The evaluation dataset is built based on de-identified hospital medical records and contains 1,485 records. It is divided into:

- Training set: 800 records
- Validation set: 200 records
- Test set: 485 records (not publicly available)

Only the training set and validation set are publicly available, while the test set remains private.

### Dataset Files

- `ICD-Coding-train.json`: Annotated training data.
- `ICD-Coding-test-A.json`: Validation set (A-Leaderboard test set).
- `ICD-Coding-A.json`: Submission example for the A-Leaderboard.
- `ICD-Coding-test-B.json`: Test set (B-Leaderboard).

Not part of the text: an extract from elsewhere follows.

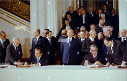 الرئيس الأمريكي ريتشارد نيكسون والأمين العام للحزب الشيوعي السوڤيتي ليونيد بريجنيڤ يوقعان معاهدة الحد من أنظمة الصواريخ المضادة للبالستية والمعاهدة المؤقتة للأسلحة الهجومية الاستراتيجية، في موسكو في 26 مايو 1972.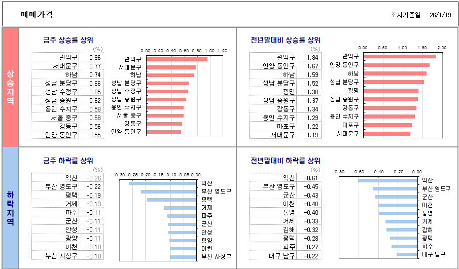 - 서울 매매 상승 Top3 : 관악구(0.96), 서대문구(0.77), 중구(0.58)

This dataset is not publicly available.

### Field Descriptions

Each record in the dataset is stored in JSON format and contains the following fields:

- Case ID (`病案标识`): The unique patient case identifier in the hospital.
- Chief Complaint (`主诉`): The primary symptom described by the patient during consultation, typically summarized in a short sentence.
- Present Illness History (`现病史`): A detailed description of the patient's current illness, including onset, symptom characteristics, disease progression, past treatments, and response to therapy.
- Past Medical History (`既往史`): The patient’s previous health conditions, major diseases, surgeries, injuries, and allergies.
- Personal History (`个人史`): The patient’s lifestyle habits, occupational exposure, and epidemiological history.
- Marital History (`婚姻史`): Information on marital status, age at marriage, spouse’s health status, and number of children.
- Family History (`家族史`): Family history of hereditary or specific diseases among direct relatives.
- Admission Condition (`入院情况`): A summary of the patient's symptoms, signs, and overall condition at the time of hospital admission.
- Admission Diagnosis (`入院诊断`): The initial diagnosis made by the physician upon hospital admission based on the medical history and tests.
- Treatment Course (`诊疗经过`): Detailed records of the patient’s examinations, treatments, and disease progression during hospitalization.
- Discharge Condition (`出院情况`): A brief description of the patient’s health status at discharge.
- Discharge Instructions (`出院医嘱`): Guidelines provided by the physician regarding medication, follow-up, and lifestyle adjustments after discharge.
- Primary Diagnosis Code (`主诊断编码`): The primary ICD-10 code corresponding to the main diagnosis during hospitalization.
- Additional Diagnosis Codes (`其他诊断编码`): One or more ICD-10 codes corresponding to other diagnoses.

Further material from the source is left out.